Re: Abbreviated keys for Numeric

From: Tomas Vondra <tomas(dot)vondra(at)2ndquadrant(dot)com>
To: Peter Geoghegan <pg(at)heroku(dot)com>
Cc: Andrew Gierth <andrew(at)tao11(dot)riddles(dot)org(dot)uk>, Pg Hackers <pgsql-hackers(at)postgresql(dot)org>
Subject: Re: Abbreviated keys for Numeric
Date: 2015-02-21 20:07:13
Message-ID: 54E8E571.2030507@2ndquadrant.com
Views: Raw Message | Whole Thread | Download mbox | Resend email
Thread:
Lists: pgsql-hackers

On 21.2.2015 19:57, Peter Geoghegan wrote:
> On Fri, Feb 20, 2015 at 9:18 PM, Tomas Vondra
> <tomas(dot)vondra(at)2ndquadrant(dot)com> wrote:
>> The gains for text are also very nice, although in this case that only
>> happens for the smallest scale (1M rows), and for larger scales it's
>> actually slower than current master :-(
>
> That's odd. I have a hard time thinking of why the datum sort patch
> could be at fault, though. I bet the cost model of the text
> sortsupport routine is somehow hitting a snag on those larger sized
> sets. They should be just as accelerated, and probably more so, than
> your 1M sized set that was sped up 4x here.
>
> Can you see what is output with debugging of text abbreviation turned
> on? Put "#define DEBUG_ABBREV_KEYS" at the top of varlena.c and
> rebuild. Report on the debug1 output, and see if and when abbreviation
> is aborted.
>
> I suspected that the cost model was too conservative (or, more
> lightly, just too simplistic). I ought to revisit my patch to give the
> ad-hoc cost model a sense of proportion about how far along we are,
> which was previously deferred [1]. When there is a strong
> physical/logical correlation, that can be essential.

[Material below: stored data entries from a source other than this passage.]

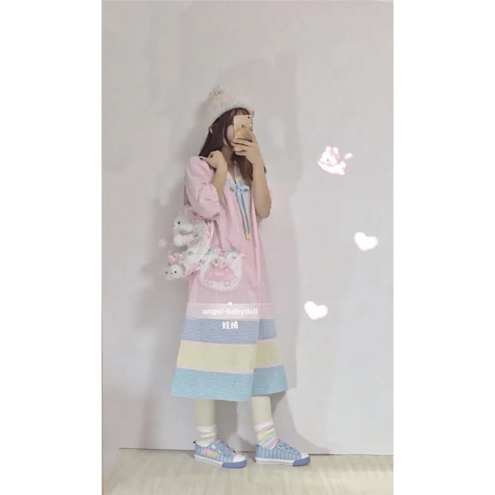 - The shoes are designed to resemble classic children's shoes, featuring a rounded toe, soft pastel colors, and a blue striped fabric.
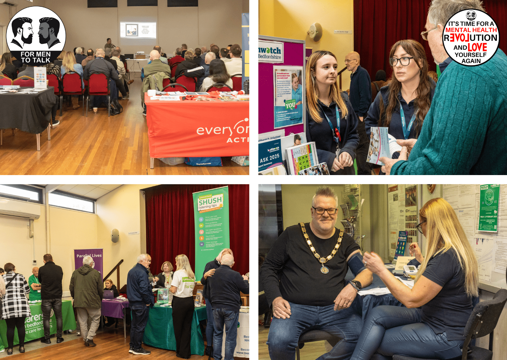 Hosted by Ampthill Town Councillor Stephen Addy, supported by Healthwatch Central Bedfordshire and ‘For Men To Talk’, the event took place at Parkside Hall. The atmosphere throughout the day was open, supportive and welcoming, with many men taking the opportunity to ask questions, share experiences and find out what help is available locally. A free lunch was also provided, giving people time to connect and continue conversations in an informal way.
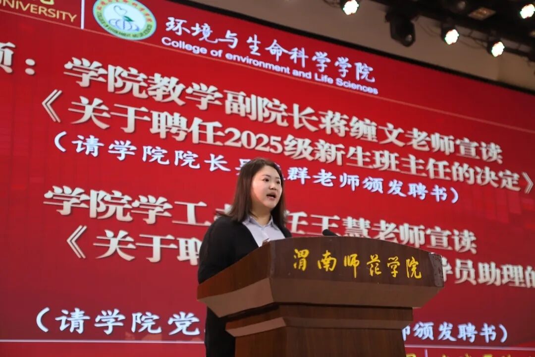 典礼上,教学副院长蒋缠文宣读了《关于聘任2025级新生班主任的决定》;学工办主任王慧宣读了《关于聘任2025级新生辅导员助理的决定》。
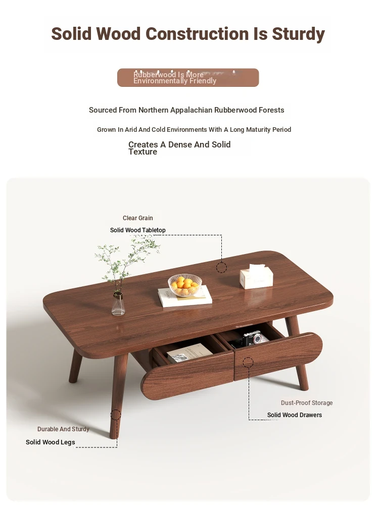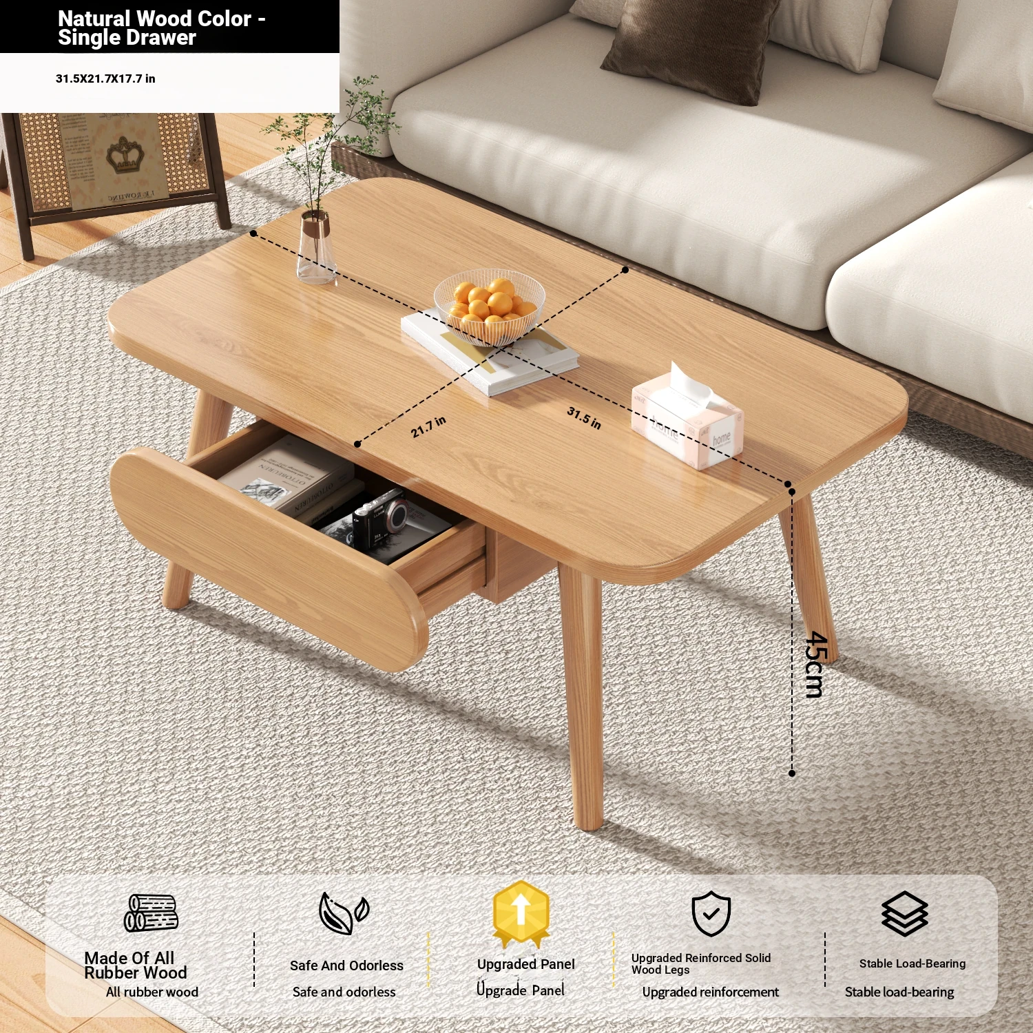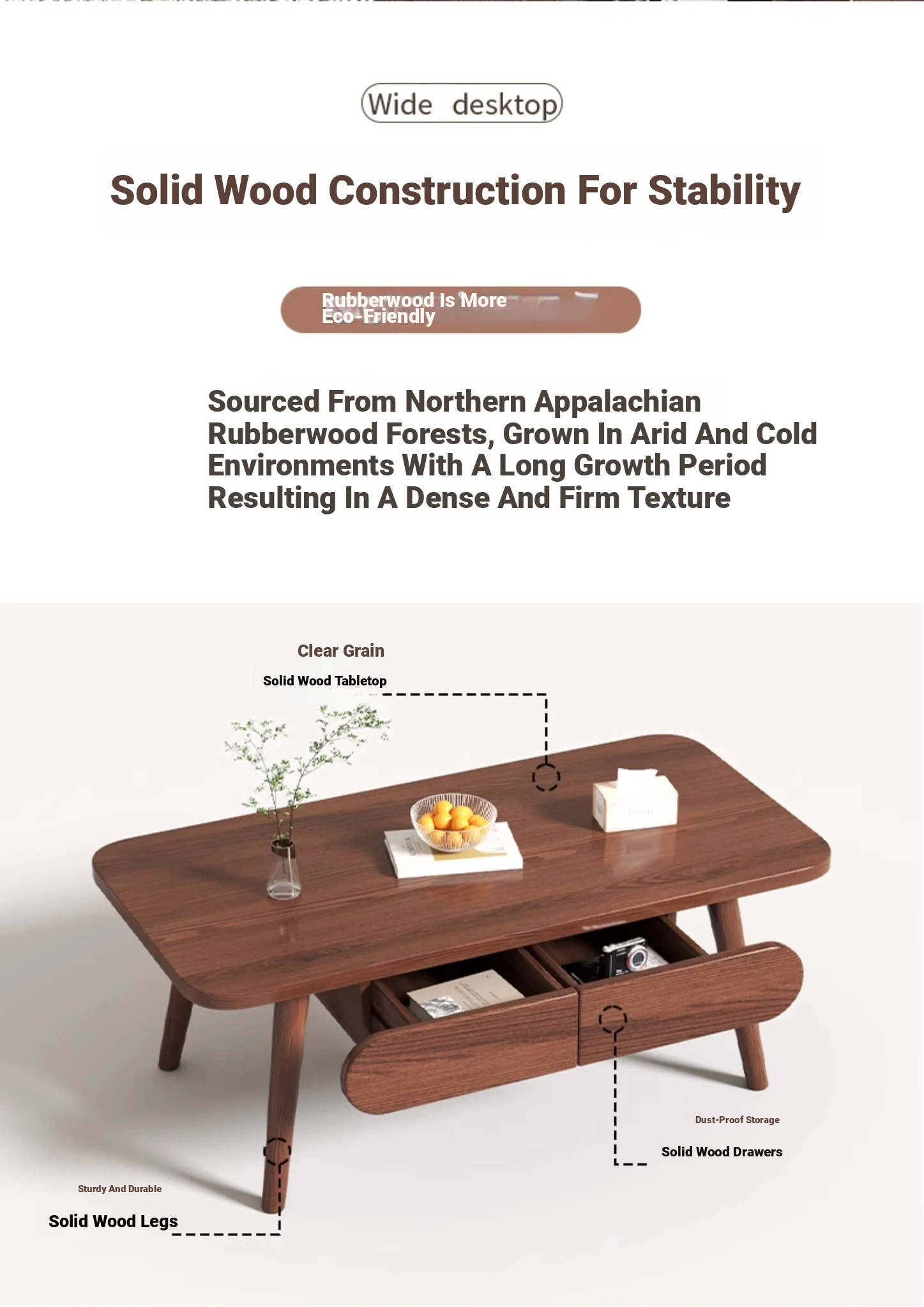 2025 New High-End Minimalist Solid Wood Coffee Table for Small Living Rooms - Elegant Natural Wood Design for Balcony and Home Use

I don't think there's a correlation - at least not in the usual sense
that the data are stored 'sorted' by the column. The tables were
generated as random.

Hmmm, maybe we should add such correlated cases into the test script, to
see how that behaves with those patches ...

>
> Did you first index the text field, and then run CLUSTER for the
> larger sized sets on that index (to test abbreviation)? That would
> cause there to be a lot of abbreviated keys that seemed to poorly
> capture the entropy of their underlying values, when in fact that was
> entirely down to our only considering the first 10 tuples in a 100
> million tuple set. Having some patience is important there, and a hint
> at how far in we are gives the ad-hoc cost model a much better sense
> of proportion...it then has a sense of how patient it should be.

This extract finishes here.